=== PROBLEM ===
With the pictures left aside, write out exactly the lines of the listing below from the line with "Qatar players drew" to the line with "Rugby vs Eton", both included, and only those.
▼
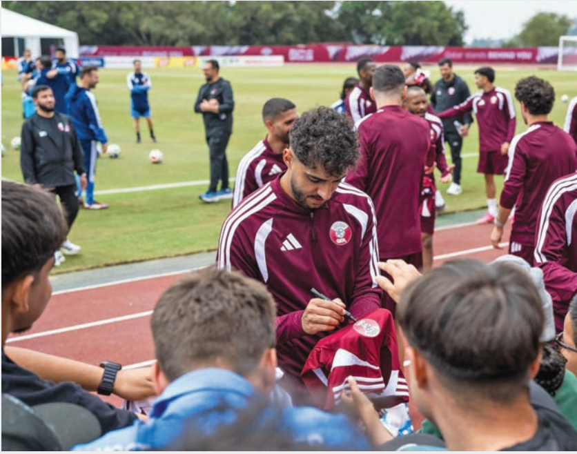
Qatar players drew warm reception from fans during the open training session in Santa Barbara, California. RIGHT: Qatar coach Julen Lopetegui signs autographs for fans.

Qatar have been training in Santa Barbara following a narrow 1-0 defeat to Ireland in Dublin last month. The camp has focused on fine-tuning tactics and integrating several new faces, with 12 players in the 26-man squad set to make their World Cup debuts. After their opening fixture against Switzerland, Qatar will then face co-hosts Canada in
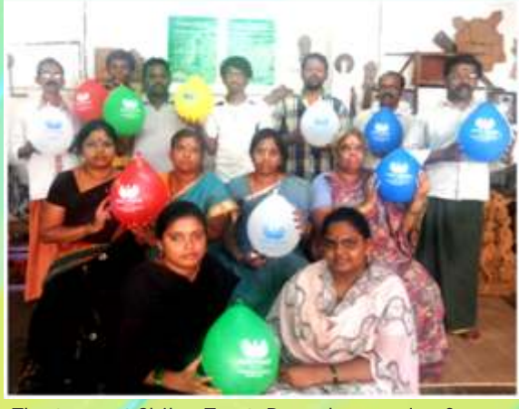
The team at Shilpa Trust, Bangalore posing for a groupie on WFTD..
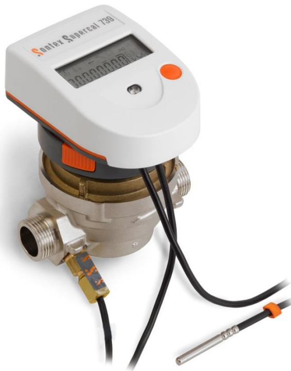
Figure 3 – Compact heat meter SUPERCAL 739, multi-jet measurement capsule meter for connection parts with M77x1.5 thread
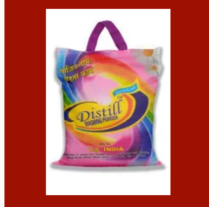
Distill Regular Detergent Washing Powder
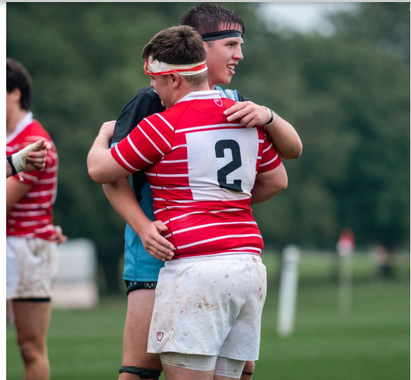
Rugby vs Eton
▲
▼
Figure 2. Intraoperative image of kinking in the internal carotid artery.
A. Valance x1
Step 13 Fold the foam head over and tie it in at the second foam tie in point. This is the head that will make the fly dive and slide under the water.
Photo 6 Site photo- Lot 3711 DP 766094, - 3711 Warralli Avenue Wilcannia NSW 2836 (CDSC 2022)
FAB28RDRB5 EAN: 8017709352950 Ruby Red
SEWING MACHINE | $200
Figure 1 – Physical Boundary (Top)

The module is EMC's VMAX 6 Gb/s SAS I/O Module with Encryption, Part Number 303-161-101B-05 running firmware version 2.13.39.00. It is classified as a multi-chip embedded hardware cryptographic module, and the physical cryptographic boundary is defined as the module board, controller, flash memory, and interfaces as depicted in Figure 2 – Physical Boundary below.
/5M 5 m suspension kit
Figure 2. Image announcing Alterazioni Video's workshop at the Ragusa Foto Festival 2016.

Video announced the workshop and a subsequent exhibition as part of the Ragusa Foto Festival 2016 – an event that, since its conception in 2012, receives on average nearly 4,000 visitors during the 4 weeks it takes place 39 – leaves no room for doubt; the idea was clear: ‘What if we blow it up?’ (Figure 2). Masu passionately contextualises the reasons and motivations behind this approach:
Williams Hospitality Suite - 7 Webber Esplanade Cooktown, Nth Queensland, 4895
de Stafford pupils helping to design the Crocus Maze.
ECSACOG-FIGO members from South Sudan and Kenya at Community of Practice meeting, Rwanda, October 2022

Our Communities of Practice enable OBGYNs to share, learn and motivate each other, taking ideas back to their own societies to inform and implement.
▲
=== COMPLETED EXERCISE ===
Qatar players drew warm reception from fans during the open training session in Santa Barbara, California. RIGHT: Qatar coach Julen Lopetegui signs autographs for fans.

Qatar have been training in Santa Barbara following a narrow 1-0 defeat to Ireland in Dublin last month. The camp has focused on fine-tuning tactics and integrating several new faces, with 12 players in the 26-man squad set to make their World Cup debuts. After their opening fixture against Switzerland, Qatar will then face co-hosts Canada in
The team at Shilpa Trust, Bangalore posing for a groupie on WFTD..
Figure 3 – Compact heat meter SUPERCAL 739, multi-jet measurement capsule meter for connection parts with M77x1.5 thread
Distill Regular Detergent Washing Powder
Rugby vs Eton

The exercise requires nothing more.